Needless to say that as of this moment right now, I’m pretty much scared out of my mind. In a little under 12 hours, I will be attempting what is the last exam of this course and this degree. So really, no pressure at all.
Looking back, given my current state of mind and what I’ve been dealing with for the past week, it’s suffice to say that regardless of me wanting the company and support of others people in this trying time, having felt abandoned by people you thought were friends and still keeping it together shows a remarkable amount of resilience, that or really something is already broken inside.
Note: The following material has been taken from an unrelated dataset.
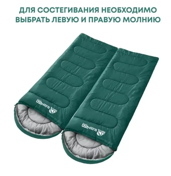 Два спальника с разным направлением молнии можно состегнуть между собой, получив один большой шириной 150 см — в таком варианте комфортно разместятся двое взрослых или двое с ребенком.

If I get through this unscathed, it’ll only confirm their resolve that the people around me do deserve to die by my hand. Whether I follow through with their demands rests entirely on my ability to keep fighting their convincing words. Given the scale of tasks so far, I am so tired of fighting for an end I cannot see.
As it is, I don’t think I can distinguish between this reality and the one that’s been created by my own fractured mind. As I’m writing this, I’m not even sure if this is real or just a dream. Given the increasing amounts of restless sleep and fatigue I’ve been experiencing, I find myself doing the things I’m meant to do, only to snap out of it minutes later realizing I’ve been day dreaming.
I don’t know how long my mind can take this solitary confinement. If finishing this exam means using the last of my mental reserves to get through it, then I really cannot predict what can happen after that. It goes far beyond what I have mentally pushed myself before this, even then that was with the physical companionship of trusted friends and love ones.
This may be the final finals and while I fear I might walk into the exam hall completely blanked out, I also fear that there is an absolute finality to what I what I’m here for. The clock is ticking.
And I fear I don’t know how to stop it.